Physical installation

Once the permit is approved, the solar installer will come to your home on the scheduled install date. They will start by making any necessary preparations to your roof, such as reinforcing the roof structure if needed. The solar panels are then mounted on racks secured to your roof. Wiring is run from the panels down to the inverters and electrical panel.

A typical solar panel installation takes anywhere from one to three days depending on the system size. The installer may also need to make return trips to finish hookups and inspections.


After installation is complete, your local building department will come out to inspect the system. They will check that all wiring and components were properly installed according to code. The inspector will also test system functionality. Assuming everything passes inspection, your solar PV system can then be switched on and start generating clean energy!

It’s important to use qualified solar professionals who pull the required permits and schedule inspections. This helps ensure your system meets all safety and performance standards.

Costs and Incentives

The upfront cost of installing a residential solar system has dropped dramatically over the past decade, making solar energy much more affordable for homeowners. However, solar panels and additional equipment like inverters and batteries still represent a significant investment.

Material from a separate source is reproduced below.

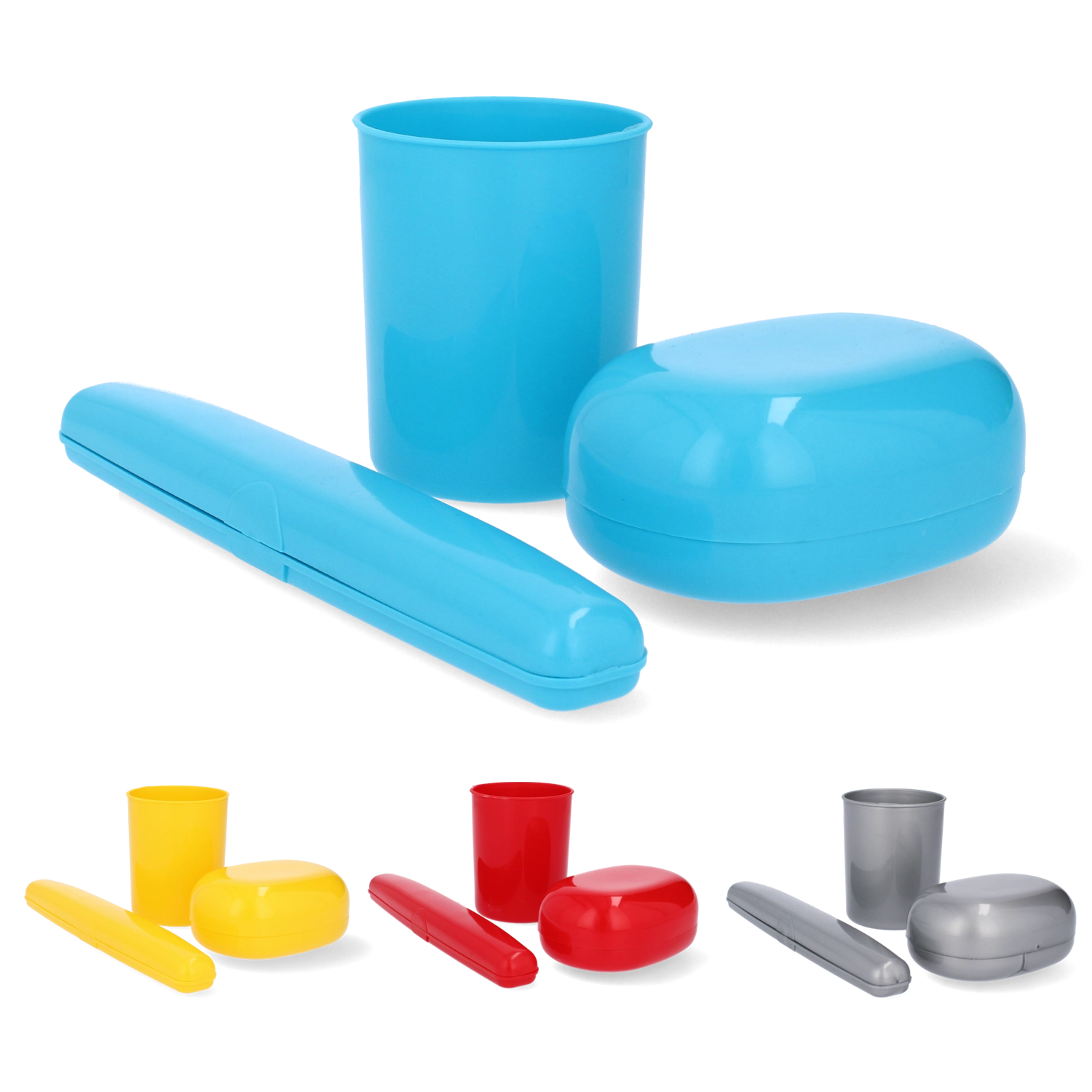 Organizatorji so izdelani iz vodoodpornega PVC, ki ščiti vsebino pred vlago in umazanijo. Različne velikosti se prilagodijo vašim potrebam – od manjših stekleničk do večjih toaletnih pripomočkov. Največji etui je opremljen s praktičnim ročajem za udobno prenašanje v telovadnico, na bazen ali na dopust.

The total system cost for an average-sized 5kW solar array is $15,000-$25,000 before incentives. The exact price depends on the type and number of solar panels, mounting equipment, location, local labor costs, and other factors.

Fortunately, federal, state, and local incentives can reduce the net cost of a solar energy system by 50% or more. The biggest incentive is the federal solar tax credit, which allows homeowners to deduct 26% of installation costs from their federal taxes.

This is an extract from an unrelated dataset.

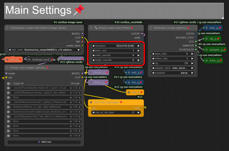 - 在主设置区域设置检查点 LoRA 图像尺寸

Many states and utilities also offer additional rebates, performance-based incentives, or Renewable Energy Credits (RECs) to make solar power even more cost-effective. Always check for current solar incentives in your area.

The payback period on a solar system varies widely but often ranges from 5-12 years after incentives. In the long run, solar panels can eliminate electricity bills almost entirely, providing decades of free, clean energy after the system pays for itself.

Environmental Impact

Solar panels can have positive and negative impacts on the environment. On the positive side, solar energy does not emit greenhouse gases or toxic pollutants. Generating electricity from sunlight rather than fossil fuels helps reduce air and water pollution, as well as associated health effects. According to the EPA, one 5 kW solar array eliminates over 4 tons of carbon dioxide emissions per year, equivalent to the annual emissions from driving an average car.

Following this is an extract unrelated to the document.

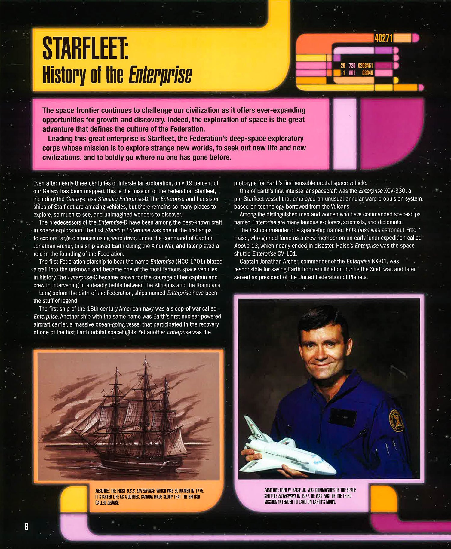Star Trek" fans--or Trekkies--have been collecting "Star Trek" souvenirs, artifacts, and memorabilia for many years, and they'll be thrilled with this brand-new book and CD-ROM package. Scheduled for publication in time to coincide with release of the latest "Star Trek" movie, as well as the 25th anniversary of "Star Trek: The Next Generation's "TV debut, this amazing book delights fans with-- A spectacular double-page spread detailing the history of the starship "Enterprise " in words and vivid illustrations Spreads and gatefolds with 3D features illustrating the "Enterprise " from all angles, including a side-on cutaway diagram showing the craft's interior Views of the ship's bridge, showing the captain's chair, main consoles, and the functions that the consoles control Living quarters, including Captain Picard's suite, junior officers' quarters, and other locations that fans will immediately recognize Artifacts, floor plans, photos from the TV show . . . and much more Enclosed with the book is a fabulous CD-ROM that gives viewers a detailed tour of the "Enterprise ." This remarkable software program was developed in close cooperation with the creators of the "Star Trek" sets that were used in the films and on the television series. "On Board the U.S.S. Enterprise " offers Trekkies a once-in-a-lifetime ticket to one of the most popular and beloved sci-fi adventures of all time.

However, there are some environmental concerns with solar panel manufacturing and disposal. Producing the silicon, transistors, and other components requires energy and raw materials. There is debate around whether solar panels create more carbon emissions in their production than they offset over their lifespan. Proper recycling is important, as panels contain lead, cadmium, and other toxic metals. Most panels are estimated to last around 20-30 years. Old solar panels taken out of commission must be handled as electronic waste. Research is underway on how to recycle and reclaim as much material as possible from expired panels.

Overall, most life cycle analyses find solar power has far lower lifetime emissions than fossil fuels. But solar companies are working to further minimize their carbon footprint and environmental impact as much as possible. With responsible manufacturing and recycling practices, solar power can be truly clean and sustainable energy.